Partai Persatuan Pembangunan (PPP) gagal melenggang ke Senayan untuk pertama kalinya sejak 1973. Pasalnya, partai tersebut hanya berhasil meraih 5.878.777 suara (3,8%) pada Pemilihan Legislatif (Pileg) 2024, sedangkan ambang batas parlemen sebesar 4%.
Beberapa calon legislatif (caleg) PPP juga kehilangan kursi di Senayan dan beralih ke partai lain. Contohnya, tiga kursi yang dimenangkan PPP di daerah pemilihan (dapil) Jawa Timur (Jatim) III, Jatim VIII, dan Jatim XI dialihkan ke Partai Demokrasi Indonesia Perjuangan (PDIP).
Anggota Mahkamah DPP PPP, Abdullah Mansyur, menyatakan bahwa pihaknya akan segera melakukan evaluasi terkait hasil Pemilu 2024. “Pasti akan ada evaluasi nantinya,” ujarnya kepada Alinea.id pada Kamis (21/3).
Partai Ka’bah juga berencana untuk mengajukan gugatan terkait hasil pileg ke Mahkamah Konstitusi (MK), meskipun peluangnya kecil. Berdasarkan Undang-Undang (UU) Nomor 7 Tahun 2017, perselisihan hasil pemilihan umum (PHPU) harus diajukan ke MK maksimal 3 x 24 jam setelah Komisi Pemilihan Umum (KPU) menetapkan hasil suara dan MK punya waktu 14 hari untuk menyelesaikan proses perkara.
Perlu dilakukan intropeksi, Direktur Eksekutif Aljabar Strategic Indonesia, Arifki Chaniago, menyarankan agar PPP melakukan introspeksi.
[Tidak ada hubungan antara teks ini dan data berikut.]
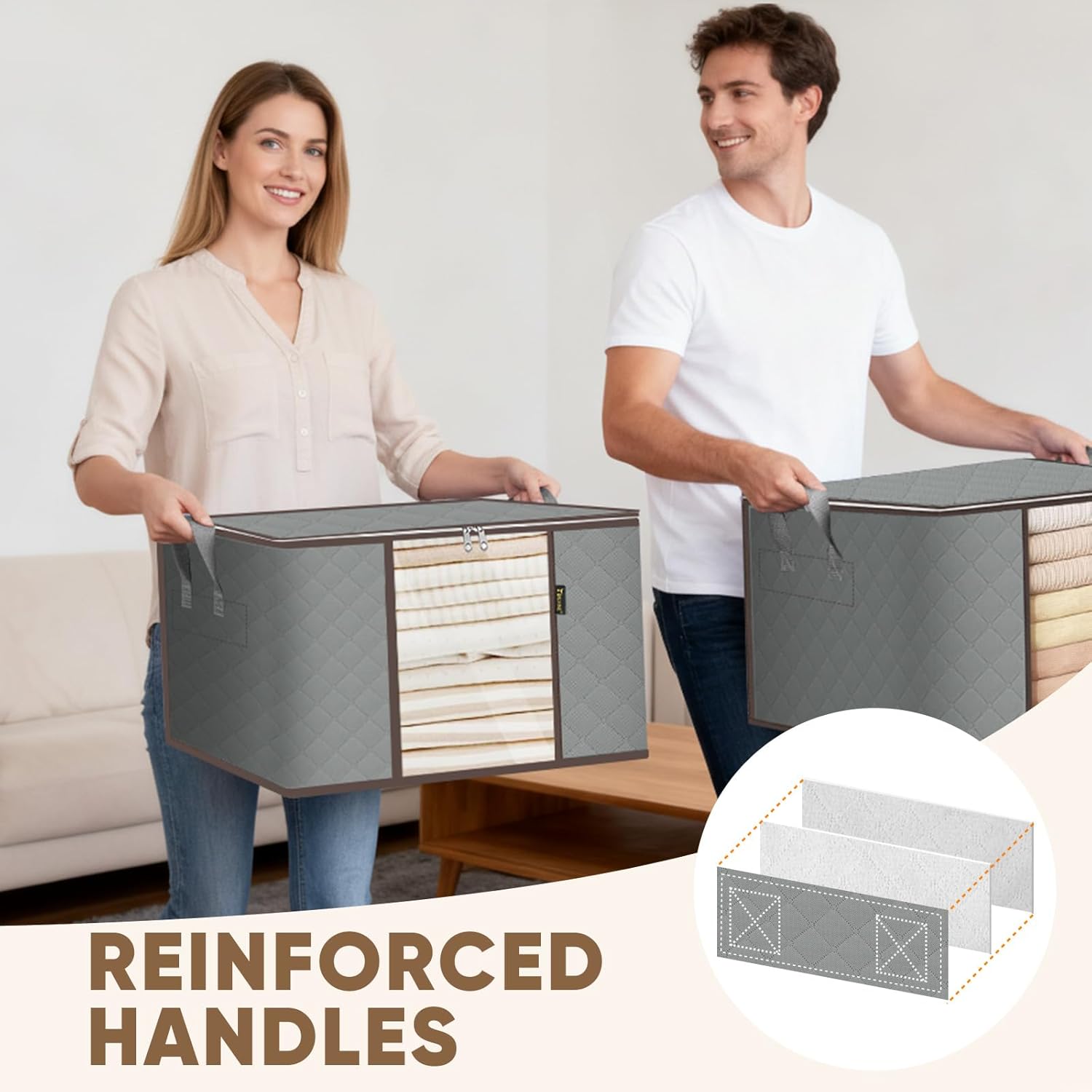 BALEINE 4 Pack Clothes Storage Bags, 16 Gallon Storage Containers with Reinforced Handle, Sturdy Zipper, Closet Organizer for Blanket, Comforter, Pillow, Bedding (Grey, 4 Pack)

Ada beberapa hal yang perlu dievaluasi, seperti regenerasi, sumber daya yang didominasi oleh wajah lama, dan ketidaksolidan internal.
Menurutnya, dukungan PPP terhadap Ganjar Pranowo-Mahfud MD dalam Pilpres 2024 juga tidak menguntungkan. “Basis pemilih cenderung mendukung Anies maupun Prabowo,” ujarnya kepada Alinea.id.
Arifki juga mengingatkan bahwa evaluasi tersebut penting dilakukan mengingat kesempatan untuk masuk ke parlemen pada 2029 akan sulit. Contoh yang diberikan adalah Hanura yang kembali gagal mendapatkan kursi di DPR pada 2024 karena tidak bisa mencapai ambang batas sejak 2019.